Create a free profile to get unlimited access to exclusive videos, breaking news, sweepstakes, and more!
New Details Released in YouTube Shooter Nasim Aghdam's Autopsy
Nasim Aghdam stormed the YouTube offices in San Bruno on April 3 and injured three people before turning the gun on herself.
A California coroner released an autopsy report of YouTube shooter Nasim Aghdam that revealed key details about her death.
After shooting her way into the company's headquarters in San Bruno and wounding three employees, Aghdam, 38, pointed her 9mm Smith and Wesson at her chest and shot herself at a 15-degree downward angle, right through her heart, according to the report, cited by The Mercury News.
“There is an extensive area of destruction of the heart,” the report from the San Mateo County Coroner’s Office said. “Other than the gunshot wound the heart appears to be non-remarkable.”
She was wearing recently applied lipstick and had a gold and black scarf around her neck. She kept her sunglasses on the top of her head and she wore two pairs of socks and sneakers with three colors. She had on black pants and a white sweater with pastel-colored patterns, which was soaked with blood from the bullet. The projectile hit her left lung and went through her left rib and out her body.
Her hair was starting to gray, the report said, and she was 5-foot-5-and-a-half and 114 pounds.

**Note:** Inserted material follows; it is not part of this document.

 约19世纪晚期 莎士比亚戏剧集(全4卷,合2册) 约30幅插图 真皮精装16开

There wasn't any evidence of alcohol or drugs in her system, the report said, or any medical conditions that could have contributed to her mental state.
Aghdam allegedly stormed the YouTube offices because she said they were censoring her videos and shrinking her audience and income, according to The Mercury News. She was living in California’s Imperial Valley with her parents, but she disappeared in the days before the shooting. Aghdam's father notified police and said his daughter was missing and had a problem with the social media site. Mountain View police found her in a car in a parking lot the night before the shooting, and eventually released the footage, shown here on KGO-TV in San Francisco.

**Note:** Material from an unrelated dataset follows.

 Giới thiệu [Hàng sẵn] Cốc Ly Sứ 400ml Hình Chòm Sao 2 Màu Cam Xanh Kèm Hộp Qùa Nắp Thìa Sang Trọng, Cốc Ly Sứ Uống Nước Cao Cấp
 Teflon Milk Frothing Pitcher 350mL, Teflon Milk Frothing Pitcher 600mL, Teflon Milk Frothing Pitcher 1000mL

They asked her: “You don’t want to hurt yourself, do you?”
“No,” she said.
“And you don’t want to hurt anyone else? You don’t want to commit suicide or anything like that, right?” an officer asked.
“No,” Aghdam answered.
Her father said the police should have done more to stop his daughter.
“Police didn’t do nothing,” her father said in an interview with The Mercury News last month. “I told them she had a problem with YouTube. They should have followed her.”